WHAT YOU ARE ASKED TO DO: Find the line with "Description: A city" in the entries below, then reproduce it and every line after it down to and including the line with "Set cuentacuentos FABA", exactly.

STUDY MATERIAL:
######
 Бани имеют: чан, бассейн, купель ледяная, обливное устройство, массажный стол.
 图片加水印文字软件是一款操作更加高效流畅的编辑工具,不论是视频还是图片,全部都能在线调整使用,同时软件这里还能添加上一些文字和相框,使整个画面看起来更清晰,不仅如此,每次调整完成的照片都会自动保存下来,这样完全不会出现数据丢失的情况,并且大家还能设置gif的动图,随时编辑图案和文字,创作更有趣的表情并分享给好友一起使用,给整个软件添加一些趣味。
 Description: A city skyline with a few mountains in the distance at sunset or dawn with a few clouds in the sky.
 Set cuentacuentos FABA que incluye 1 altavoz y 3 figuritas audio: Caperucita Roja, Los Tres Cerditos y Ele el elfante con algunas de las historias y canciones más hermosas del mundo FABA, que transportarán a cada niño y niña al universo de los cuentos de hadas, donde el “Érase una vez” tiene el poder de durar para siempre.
######
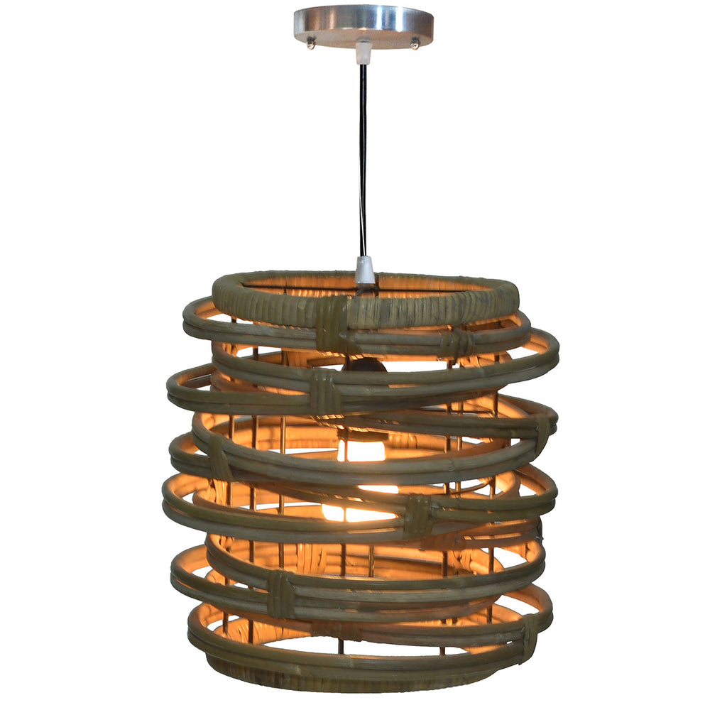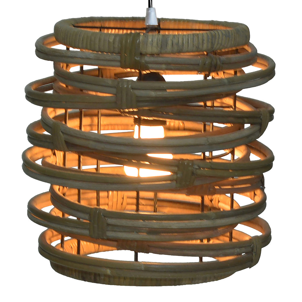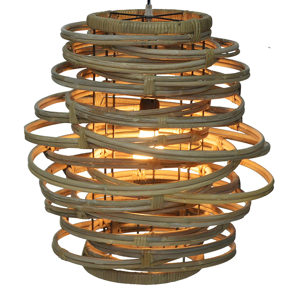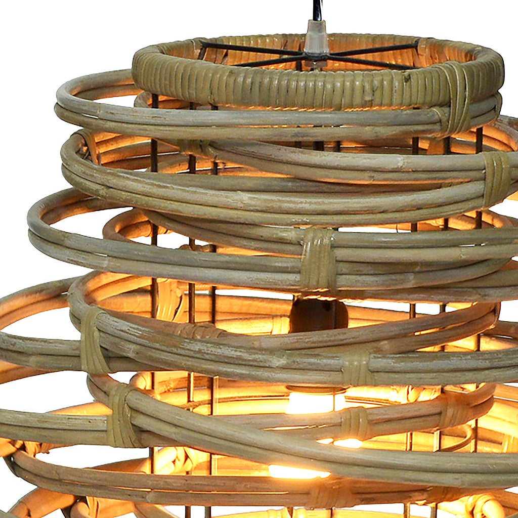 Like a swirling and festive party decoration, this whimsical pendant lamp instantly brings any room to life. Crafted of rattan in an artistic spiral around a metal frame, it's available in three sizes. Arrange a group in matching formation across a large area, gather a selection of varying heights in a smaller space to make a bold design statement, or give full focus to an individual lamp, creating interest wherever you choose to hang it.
######
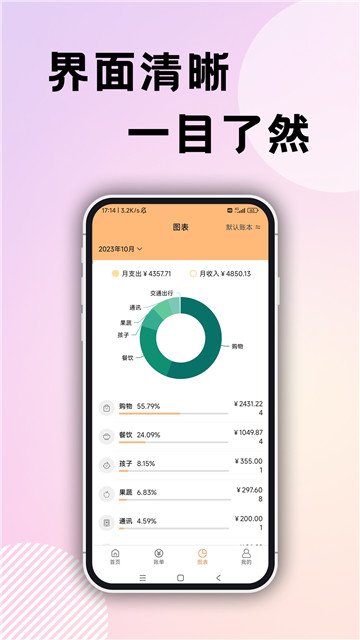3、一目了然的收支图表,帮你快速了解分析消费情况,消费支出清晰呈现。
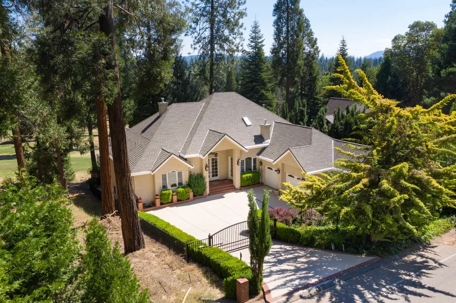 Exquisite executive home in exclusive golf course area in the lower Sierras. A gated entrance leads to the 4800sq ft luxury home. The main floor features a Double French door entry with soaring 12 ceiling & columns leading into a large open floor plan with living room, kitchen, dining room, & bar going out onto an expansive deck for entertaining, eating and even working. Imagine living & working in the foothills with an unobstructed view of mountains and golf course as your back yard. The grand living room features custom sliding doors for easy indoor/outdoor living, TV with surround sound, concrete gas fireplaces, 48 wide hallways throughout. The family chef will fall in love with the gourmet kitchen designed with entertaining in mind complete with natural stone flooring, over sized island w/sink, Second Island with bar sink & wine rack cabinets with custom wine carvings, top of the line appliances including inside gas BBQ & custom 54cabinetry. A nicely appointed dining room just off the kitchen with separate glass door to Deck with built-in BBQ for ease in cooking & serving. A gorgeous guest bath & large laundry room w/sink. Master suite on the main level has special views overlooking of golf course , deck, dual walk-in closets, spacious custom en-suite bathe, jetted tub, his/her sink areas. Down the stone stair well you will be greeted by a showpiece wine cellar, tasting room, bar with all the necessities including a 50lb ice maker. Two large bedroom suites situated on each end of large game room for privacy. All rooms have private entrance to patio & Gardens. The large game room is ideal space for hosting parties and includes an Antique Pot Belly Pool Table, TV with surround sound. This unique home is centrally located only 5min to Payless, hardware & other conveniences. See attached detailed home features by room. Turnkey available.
######
ANSWER:
 Description: A city skyline with a few mountains in the distance at sunset or dawn with a few clouds in the sky.
 Set cuentacuentos FABA que incluye 1 altavoz y 3 figuritas audio: Caperucita Roja, Los Tres Cerditos y Ele el elfante con algunas de las historias y canciones más hermosas del mundo FABA, que transportarán a cada niño y niña al universo de los cuentos de hadas, donde el “Érase una vez” tiene el poder de durar para siempre.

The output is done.